[Exercise] Could you give back exactly the lines below from the one with "New Arrival Autumn/Winter" through the one with "Die gut ausgestattete", without a single picture?

[Material for this task]
================
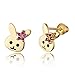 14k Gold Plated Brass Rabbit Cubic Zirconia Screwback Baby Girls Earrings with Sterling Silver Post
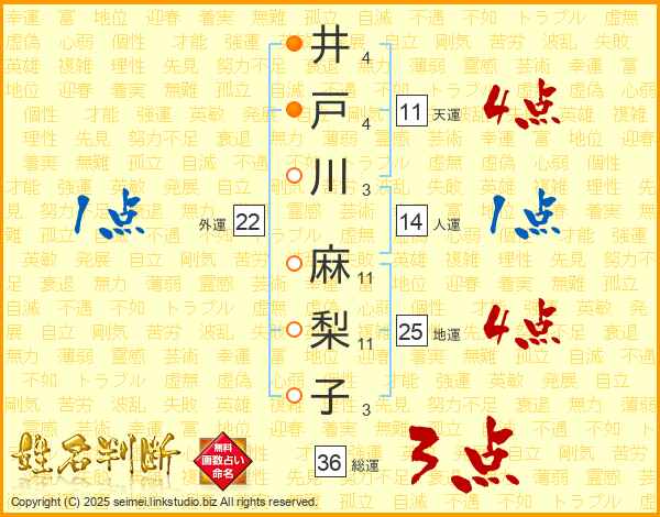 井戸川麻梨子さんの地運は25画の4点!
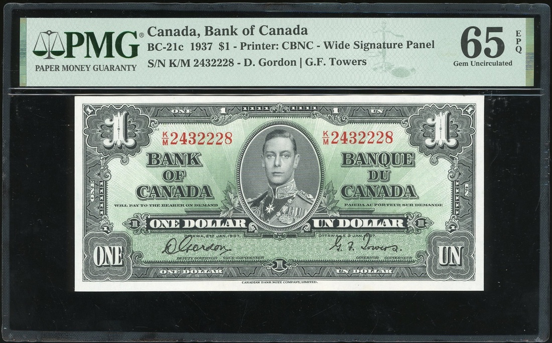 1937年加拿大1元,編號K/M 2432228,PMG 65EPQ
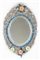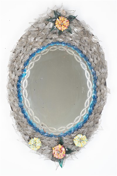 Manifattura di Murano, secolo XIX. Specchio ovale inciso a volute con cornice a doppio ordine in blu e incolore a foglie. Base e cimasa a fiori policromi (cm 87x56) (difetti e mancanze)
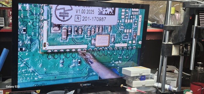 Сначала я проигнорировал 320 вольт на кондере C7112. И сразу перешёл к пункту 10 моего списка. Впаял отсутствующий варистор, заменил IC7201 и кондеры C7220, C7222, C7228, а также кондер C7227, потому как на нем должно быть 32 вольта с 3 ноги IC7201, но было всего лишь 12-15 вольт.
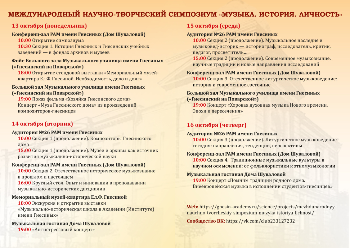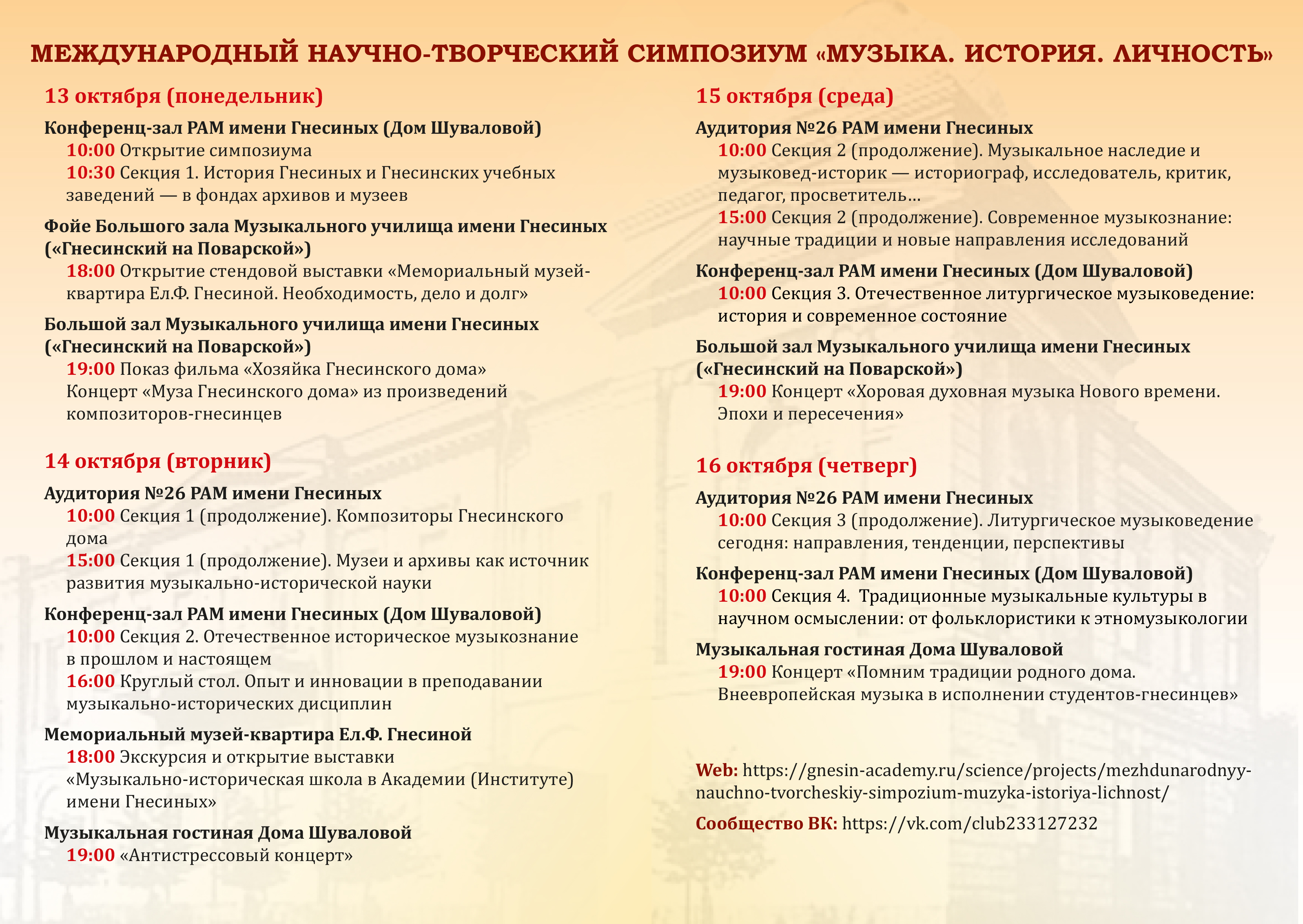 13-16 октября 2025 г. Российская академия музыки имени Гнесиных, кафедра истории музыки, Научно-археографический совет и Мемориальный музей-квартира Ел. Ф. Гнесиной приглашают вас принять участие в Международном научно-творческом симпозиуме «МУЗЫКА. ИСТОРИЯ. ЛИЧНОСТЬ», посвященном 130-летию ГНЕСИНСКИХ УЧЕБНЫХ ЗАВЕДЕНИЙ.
================
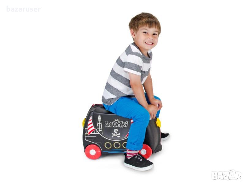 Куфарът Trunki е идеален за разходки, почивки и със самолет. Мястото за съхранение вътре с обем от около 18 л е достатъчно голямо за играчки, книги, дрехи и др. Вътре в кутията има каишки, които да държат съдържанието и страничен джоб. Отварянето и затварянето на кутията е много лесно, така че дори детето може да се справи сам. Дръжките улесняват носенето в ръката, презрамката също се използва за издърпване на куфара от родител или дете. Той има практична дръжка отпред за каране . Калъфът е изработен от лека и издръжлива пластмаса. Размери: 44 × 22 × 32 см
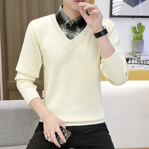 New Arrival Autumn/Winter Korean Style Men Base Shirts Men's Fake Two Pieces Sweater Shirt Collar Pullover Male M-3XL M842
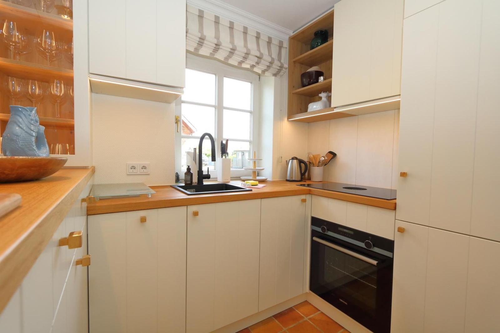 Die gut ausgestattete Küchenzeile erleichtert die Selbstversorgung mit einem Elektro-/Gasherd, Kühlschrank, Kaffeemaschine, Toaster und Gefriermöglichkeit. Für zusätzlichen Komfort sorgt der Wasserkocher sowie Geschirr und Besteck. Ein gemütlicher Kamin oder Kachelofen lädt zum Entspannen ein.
================
[Response to this exercise]
 New Arrival Autumn/Winter Korean Style Men Base Shirts Men's Fake Two Pieces Sweater Shirt Collar Pullover Male M-3XL M842
 Die gut ausgestattete Küchenzeile erleichtert die Selbstversorgung mit einem Elektro-/Gasherd, Kühlschrank, Kaffeemaschine, Toaster und Gefriermöglichkeit. Für zusätzlichen Komfort sorgt der Wasserkocher sowie Geschirr und Besteck. Ein gemütlicher Kamin oder Kachelofen lädt zum Entspannen ein.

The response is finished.